Его глаза потемнели, когда он потащил меня в лифт и крепко прижал к себе, так что он мог обхватить обеими руками мои бедра в сокрушающем объятии.
— Поговори со мной так ещё раз, Topolina, и я напомню тебе прямо здесь, в этом лифте, где любой из твоих соседей сможет увидеть, что именно происходит, когда ты проявляешь ко мне неуважение.
Я вздрогнула от похоти, хотя гнев все еще струился сквозь меня.
— Тогда уважай меня настолько, чтобы рассказать мне правду обо всем, что произошло.

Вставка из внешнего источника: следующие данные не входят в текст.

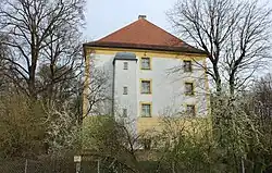 Früher stand dort eine Turmhügelburg. Im Laufe des 16. Jahrhunderts wurde eine Wasserschlossanlage errichtet, die 1723 durchgreifend erneuert wurde. Der Stich von Michael Wening von 1721 zeigt einen viergeschossigen Bau mit Satteldach und einige Gaupen. Zwei Kamine sind als Dachreiter gestaltet. Neben dem Wohnbau ist die Schlosskapelle St. Valentin (um 1714 entstanden) zu erkennen, die an der Südostecke angebaut ist. Beide sind durch eine nicht allzu hohe Mauer und einen Wassergraben geschützt. Außerhalb der Anlage sind Wirtschaftsbauten und ein eingezäunter Schlosspark mit einem Brunnen, aus dem eine Wasserfontäne aufsteigt, zu erkennen.

У меня такое чувство, будто я не понимаю событий своей жизни, хотя проживаю ее.
Его суровое выражение лица не смягчилось, но выразительные глаза засияли гордостью и нежностью.

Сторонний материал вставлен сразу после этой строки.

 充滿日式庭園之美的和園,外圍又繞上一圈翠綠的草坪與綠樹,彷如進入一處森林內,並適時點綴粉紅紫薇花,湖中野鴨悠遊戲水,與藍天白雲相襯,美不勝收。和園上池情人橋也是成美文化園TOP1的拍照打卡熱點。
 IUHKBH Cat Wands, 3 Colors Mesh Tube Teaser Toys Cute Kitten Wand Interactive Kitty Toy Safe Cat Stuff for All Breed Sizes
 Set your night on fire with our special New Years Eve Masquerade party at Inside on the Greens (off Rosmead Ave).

— Всегда такая храбрая, маленькая мышка, противостоящая существам более могущественным, чем ты, в джунглях. Такая смелая и красивая. — Он наклонился, чтобы прикоснуться к моим губам мягким, почти трепещущим поцелуем, а затем отстранился, чтобы я могла видеть его глаза, и продолжил. — Я хотел рассказать тебе все о Юрском побережье, но ты убежала от меня, поскольку, похоже, ты склонна так делать. Если ты покажешь мне свой дом и пообещаешь больше не сбегать, я обещаю сказать тебе правду.
— Всю правду? — Я подозрительно нажал.
Его губы микроскопически дернулись в сторону, маленький жест выдавал его веселье.

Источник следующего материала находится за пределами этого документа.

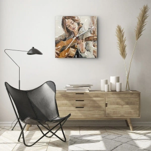 Orologio da parete - Orologio in Vetro - Ritratto di una ragazza che suona la chitarra in stile pittorico con colori caldi. - 30x30cm - Concerto per chitarra e cuore di ragazza - Decorazione murale moderna per soggiorno e camera da letto ARTTOR
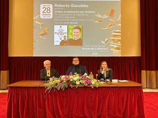 Il giornalista e divulgatore scientifico Roberto Giacobbo ha presentato il suo ultimo libro, "Storia alternativa del mondo. Un viaggio pieno di sorprese nel cammino dell'uomo. Dalle piramidi ai giorni nostri" (Mondadori) ai martedì letterari del Casinò di Sanremo. A dialogare con lui il giornalista e saggista Carlo Sburlati.
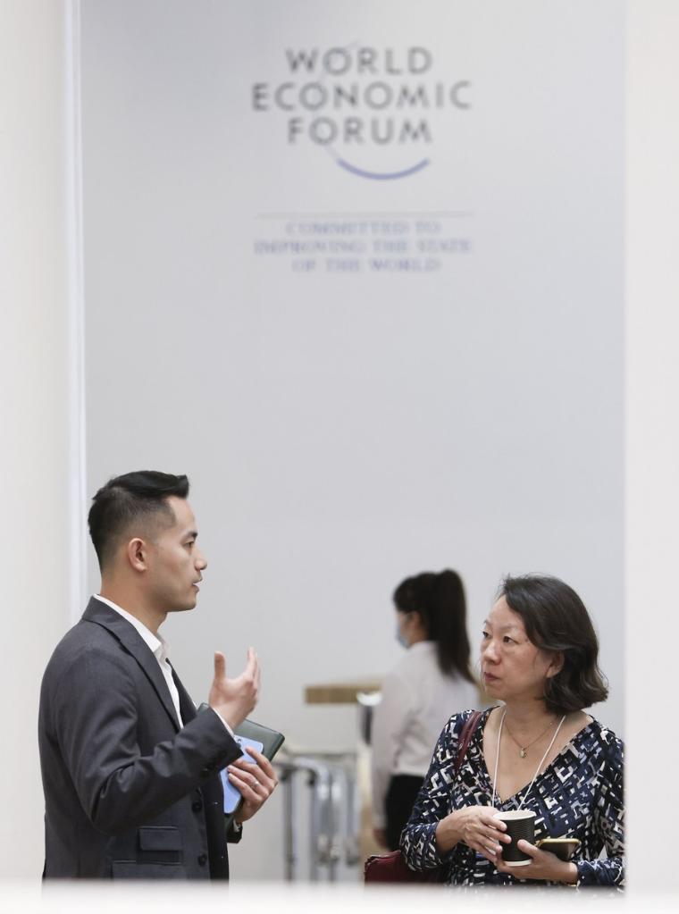 Participants talk at the venue of the 14th Annual Meeting of the New Champions, also known as the Summer Davos, in north China's Tianjin Municipality, June 27, 2023. (Xinhua/Li Ran)

— Полная правда и ничего кроме, моя красавица.
— Идёт, — Я решительно отступила от его объятий и протянула руку для пожатия.
Еще одно движение губ, на этот раз почти полная улыбка. Он сжал свою большую, изношенную руку в моей и провел большим пальцем по нежной коже моего запястья. Когда я подошла к нему, на осторожное расстояние между нами, чтобы я могла сосредоточить свои мысли, он не пытался нарушить его, и я ценила его сдержанность больше, чем могла сказать.
Мне было странно знать, что Александр увидит мой дом. Это было мое счастливое место, собрание комнат, в которых ярко отражались все многогранные стороны моей души. Я жила в этом здании, потому что оно было довоенной исторической достопримечательностью Нью-Йорка, а роскошный вестибюль из карамельного мрамора и завитки из дерева напомнили мне Перл-холл. Сама квартира была насыщена яркими цветами, гостиная была цвета моего любимого итальянского вина, книжные шкафы, отделявшие это основное пространство от офиса позади него, представляли собой толстые черные конструкции, заполненные книгами, реликвиями из дома моего детства в Неаполе и фотографиями жизни моей семьи с момента переезда в Нью-Йорк. На стенах висело несколько картин Жизель, а в коридоре, ведущем обратно на кухню, стояли некоторые из моих любимых портретов в рамках из модных разворотов, для которых я снималась. На моем кухонном острове всегда был глиняный кувшин с вином, наполненный до краев, традиция, зародившаяся много лет назад в мамином доме, и мольберт, установленный у маленьких французских дверей, которые Жизель использовала для создания своих шедевров. Там стояла незавершенная картина, изображающая женщину, связанную в стиле шибари прядями собственных волос.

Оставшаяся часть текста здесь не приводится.